Real-time operating system

Rodos (Realtime Onboard Dependable Operating System) is a real-time operating system for embedded systems and was designed for application domains demanding high dependability.

== History ==
Rodos was developed at the German Aerospace Center and has its roots in the operating system BOSS. It is used for the current micro satellite program of the German Aerospace Center. The system runs on the operational satellite TET-1 and will be used for the currently developed satellite BiROS.
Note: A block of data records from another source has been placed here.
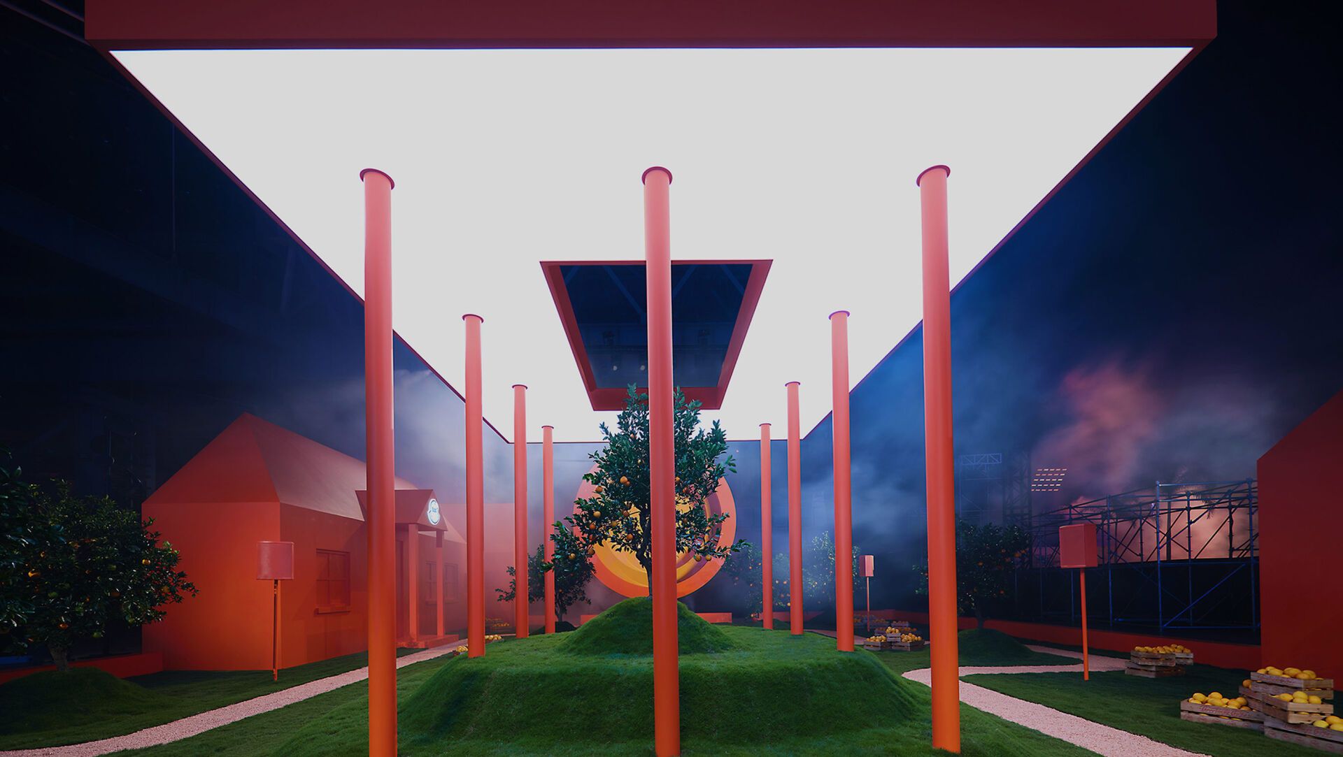 这座富有建筑感的农舍与色彩明亮的橘园沐浴在温暖迷人的光线下,灵感源自 Glover 在加州奥海镇的 Gilga农场。农舍外墙嵌有扬声器,播放着 Gilga电台广播,为场景营造声音氛围。模特于果园中心的高台上展示系列作品,为整个空间注入蓬勃活力。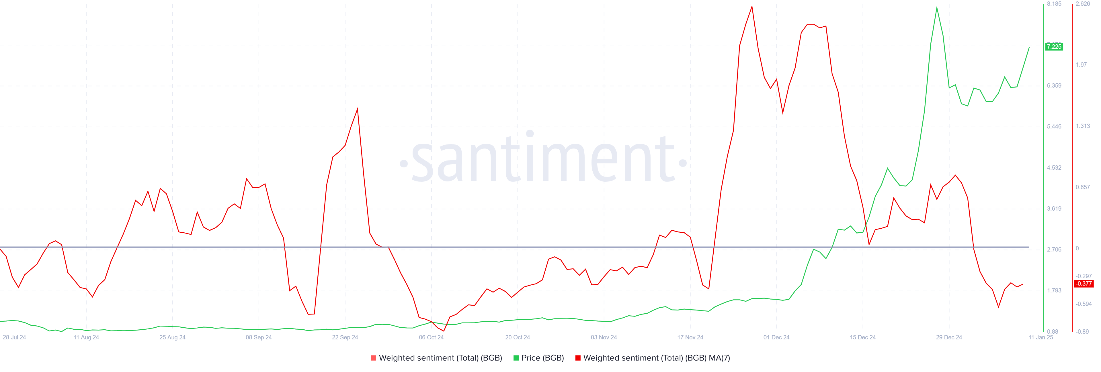 ความรู้สึกในตลาดเกี่ยวกับ BGB ได้เปลี่ยนเป็นเชิงลบเป็นครั้งแรกตั้งแต่กลางเดือนพฤศจิกายน ส่งสัญญาณความระมัดระวังในหมู่นักลงทุน ความรู้สึกที่ถ่วงน้ำหนัก ซึ่งเป็นตัวชี้วัดสำคัญ แสดงถึงความสงสัยที่เพิ่มขึ้นเนื่องจากผู้ค้าหลายคนตั้งคำถามถึงความยั่งยืนของการฟื้นตัวของ BGB ความเชิงลบนี้เกิดขึ้นหลังจากการปรับฐานในเดือนธันวาคม ซึ่งส่งผลกระทบต่อความเชื่อมั่นในหมู่ผู้ถือครอง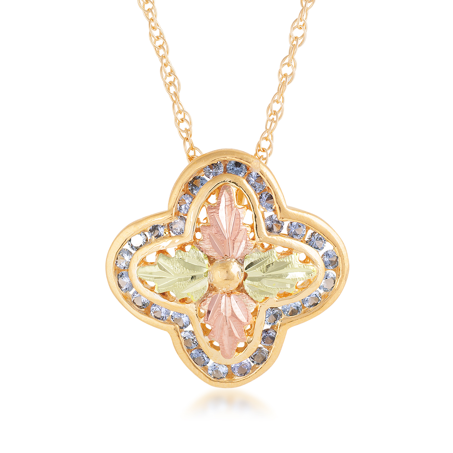 CONTEMPORAY 10K YELLOW GOLD BLACK HILLS GOLD Alahambra pendant SET WITH 1.5MM YOGO SAPPHIRE around the pendant. ACCENTED WITH 12K PINK AND GREEN LEAVES. Yogo Sapphires – BORN IN MONTANA! Yogo Sapphires come from the world’s largest underground primary deposit of premium high quality, 100%natural sapphires. Unlike most sapphires on the market today, Yogos are not heat treated.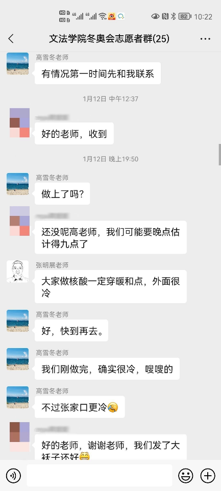 上一周,在公司老师的引导与带领下,所有suncitygroup太阳新城的冬奥志愿者们有序、顺利地完成了三轮核酸检测。核酸检测期间,公司领导及辅导员老师们也对志愿者们的疫情防护与自身安全方面再三关怀,切实保障志愿者们的健康状况。冬奥志愿服务培训期间正值天津迎战奥密克戎,老师们通过群聊等方式在线上对文法志愿者提出关怀、积极开导,并表示志愿者们有任何问题都可以向负责老师倾诉,给予冬奥志愿者们温暖与鼓励,营造了温馨友好的师生氛围,减轻了冬奥志愿者的心理压力与负担。
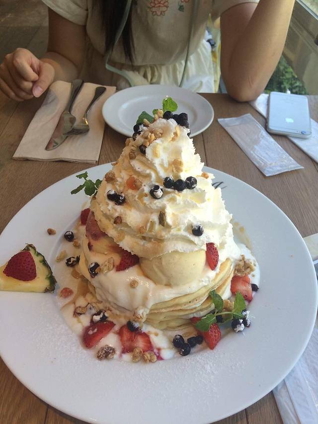 看样子就知道有多好吃了!!!pancake上冰淇淋奶油各种水果的混合,根本顾不上卡路里!2人一份刚刚好(❁´ω`❁)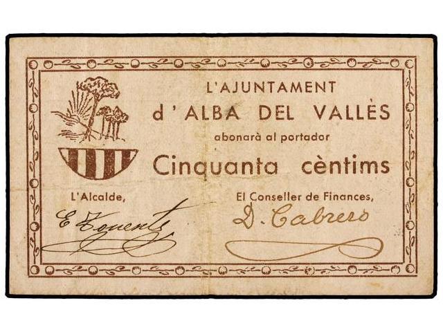 50 Cèntims. 1937. Aj. d´ALBA DEL VALLÈS. Conseller de Finances: Cabrero. RARO. AT-51a; T-64a. MBC.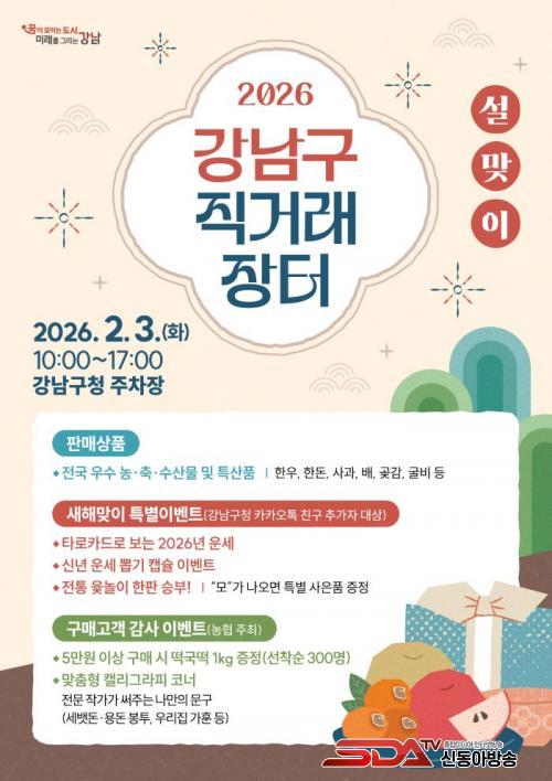 [½Åµ¿¾Æ¹æ¼Û °­³²±¸=À̽ŵ¿±âÀÚ] ²ÞÀÌ ¸ðÀÌ´Â µµ½Ã, ¹Ì·¡¸¦ ±×¸®´Â °­³²±¸°¡ ¼³ ¸íÀýÀ» ¾ÕµÎ°í ¿À´Â 2¿ù 3ÀÏ ¿ÀÀü 10½ÃºÎÅÍ ¿ÀÈÄ 5½Ã±îÁö ±¸Ã» ÁÖÂ÷Àå¿¡¼­ ¡®2026 ¼³¸ÂÀÌ °­³²±¸ Á÷°Å·¡ÀåÅÍ¡¯¸¦ ¿¬´Ù. »êÁö¿Í ¼ÒºñÀÚ¸¦ Á÷Á¢ ¿¬°áÇØ ¸íÀý À庸±â ºÎ´ãÀ» ´ú°í, µµ³ó ±³·ù¿Í Áö¿ª »ó»ýÀ» ³ÐÈ÷´Â ÀÚ¸®·Î ¸¶·ÃÇß´Ù.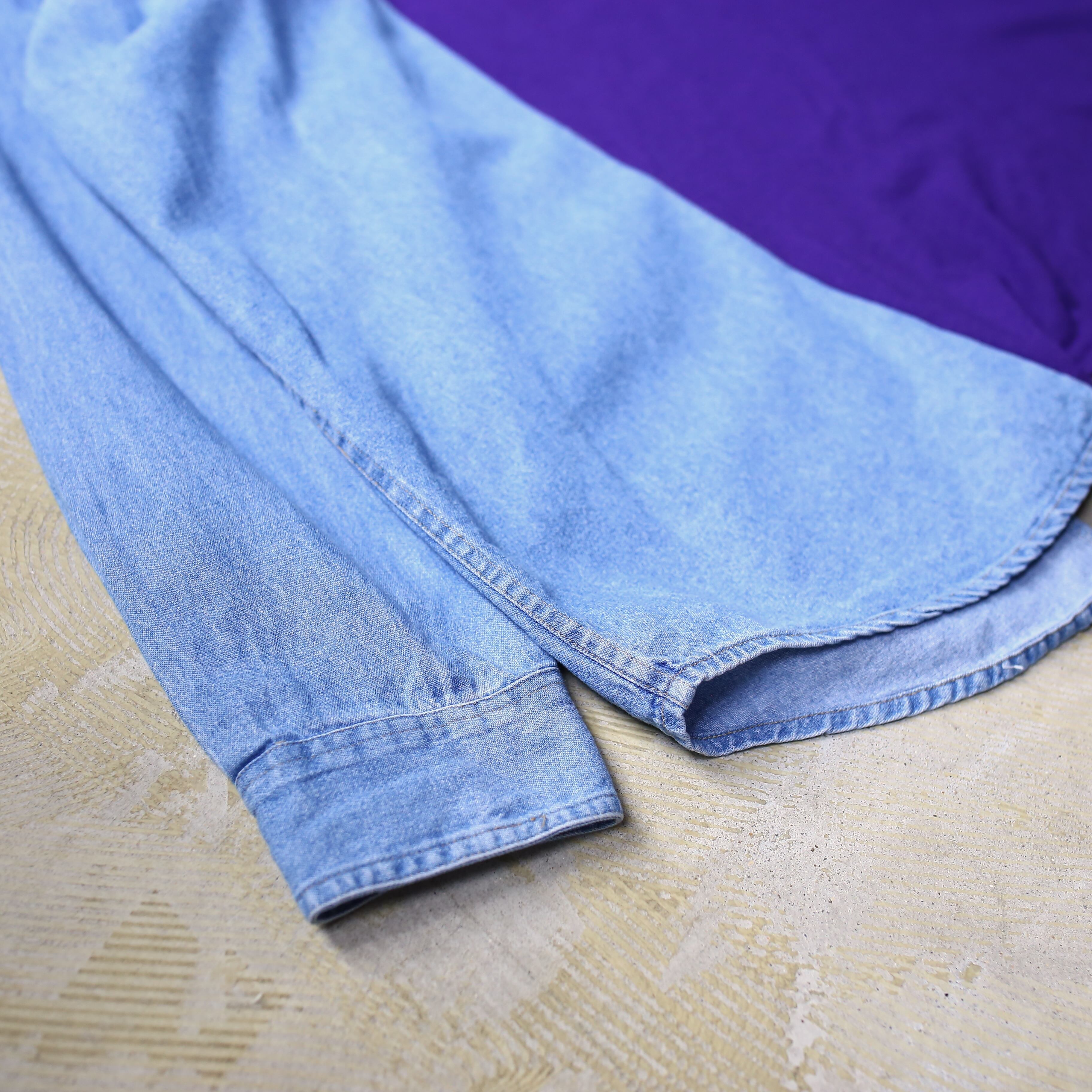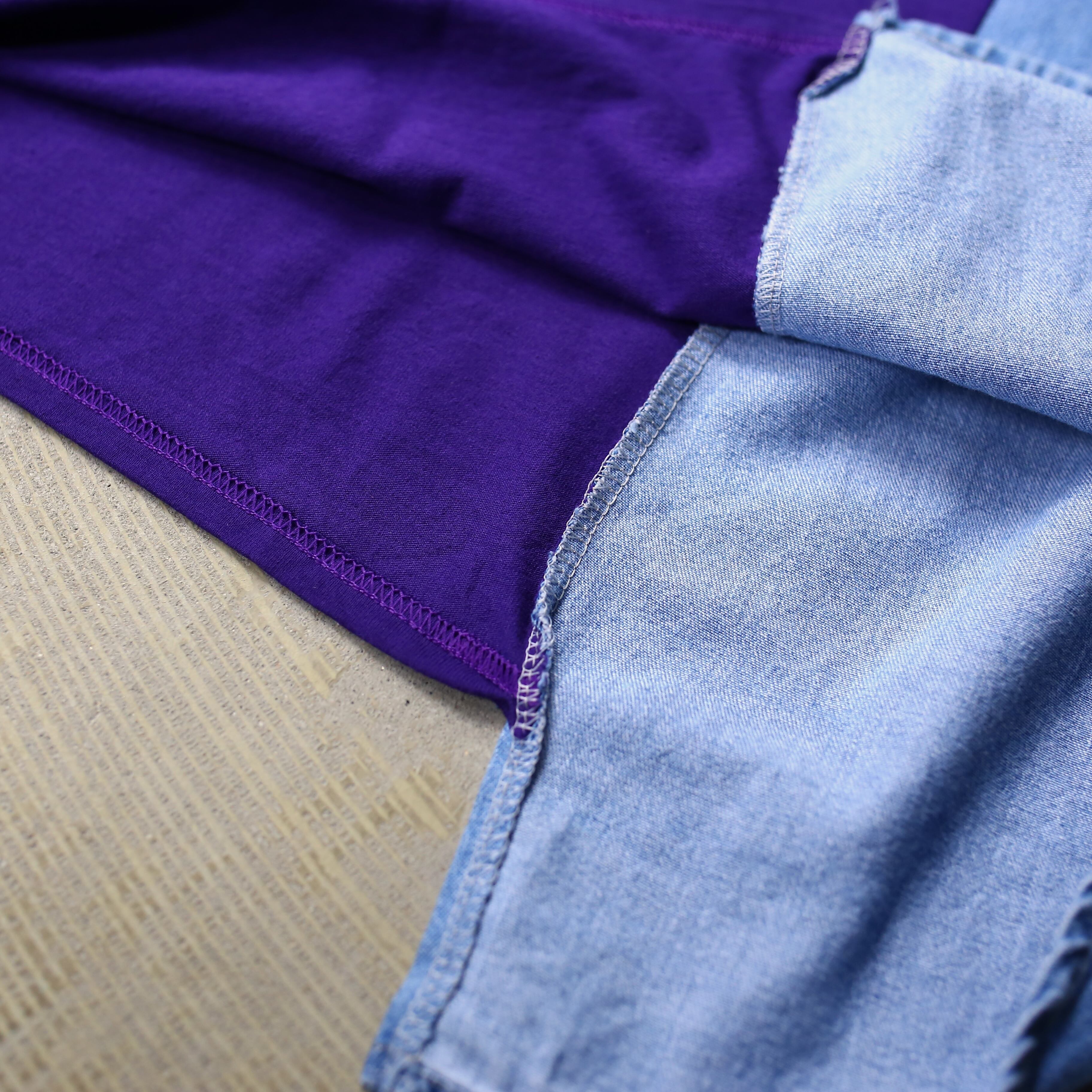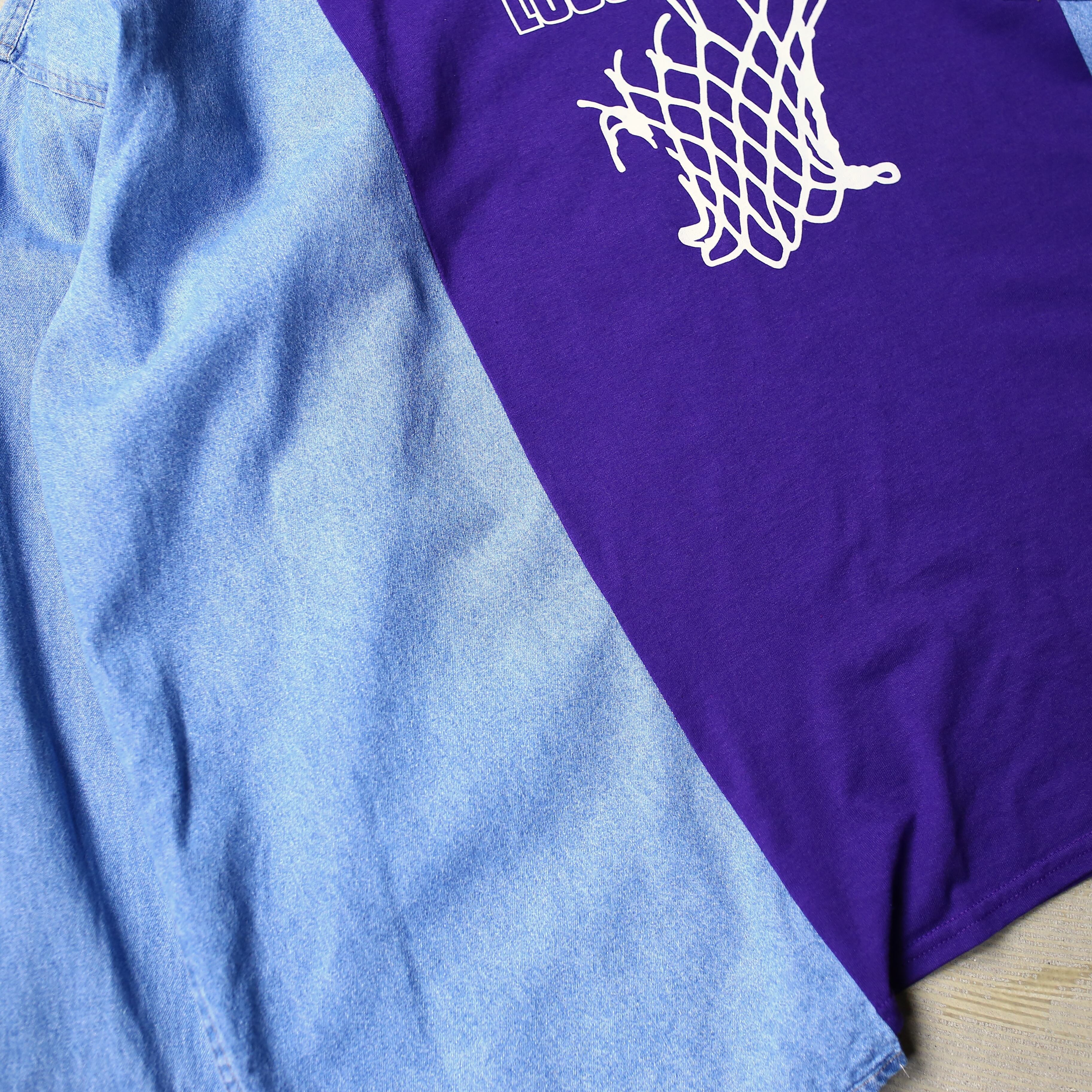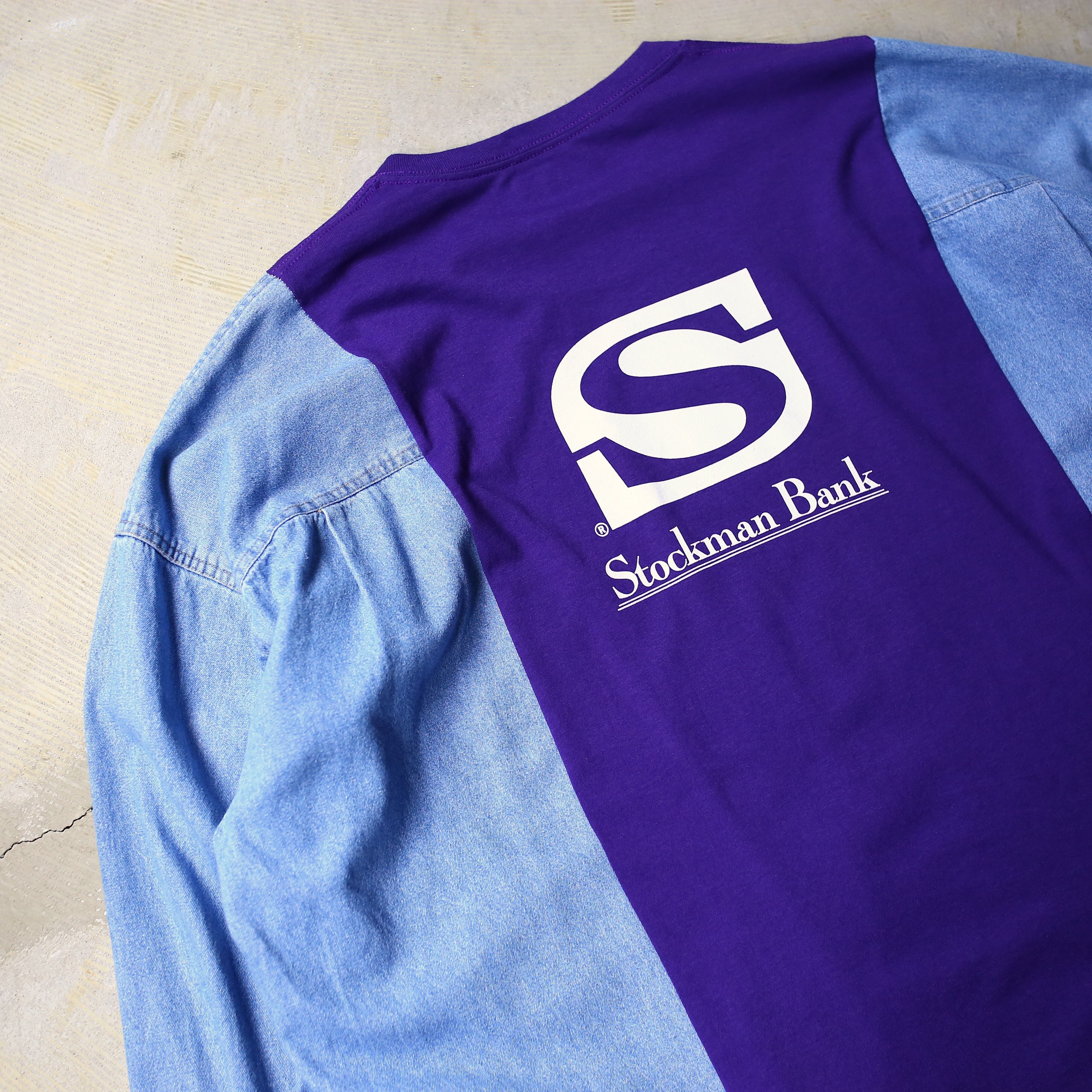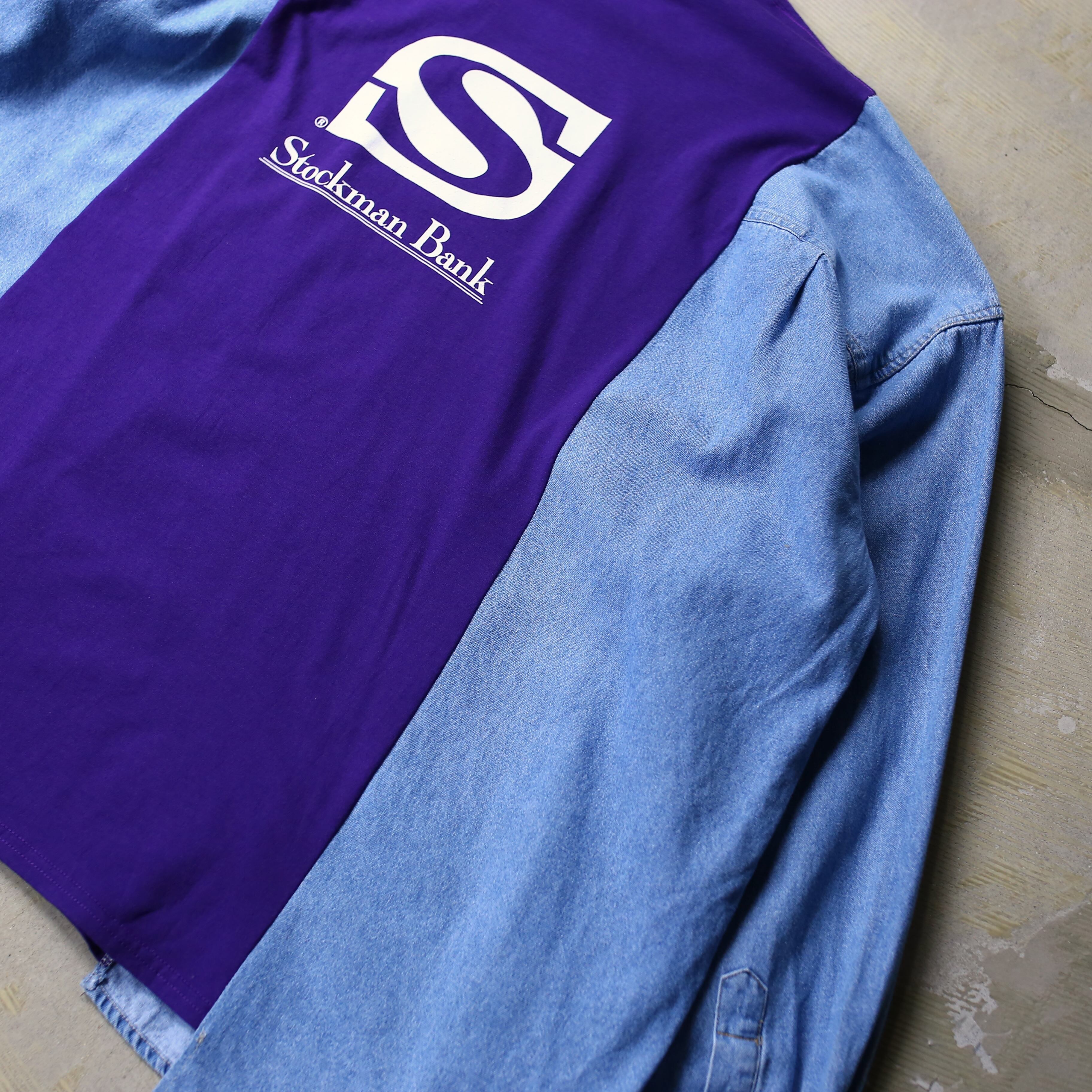 ・ロゴプリントTシャツとデニムシャツをドッキングしたリメイク長袖トップス。

Rodos is further enhanced and extended at the German Aerospace Center as well as the department for aerospace information technology at the University of Würzburg.

== Features ==

An important aspect of Rodos is its integrated real time middleware. Developing the control and payload software on the top of a middleware provides the maximum of modularity today. Applications/modules can be developed independently, and it is very simple to interchange modules later without worrying about side effects, because all modules are encapsulated as Building Blocks (BB) and can be accessed and they can access other resources only by well-defined interfaces.

Rodos was implemented as a software framework in C++ with an object-oriented application interface (API). it is organized in layers: The lowest layer (1) is responsible for control of the embedded system hardware (HAL: Hardware abstraction layer). The next layer (2) kernel: administrates the local resources, threads and time. On top of the kernel, we have the middleware (layer 3) which enables communication between BBs using a publisher subscriber multicast protocol. And on the top of the middleware the user may implement his applications (layer 4) as a distributed software network of simple BBs. The Building Blocks API on the top of the middleware is a service-oriented interface. BBs interact by providing services to other BBs and using services from other BBs.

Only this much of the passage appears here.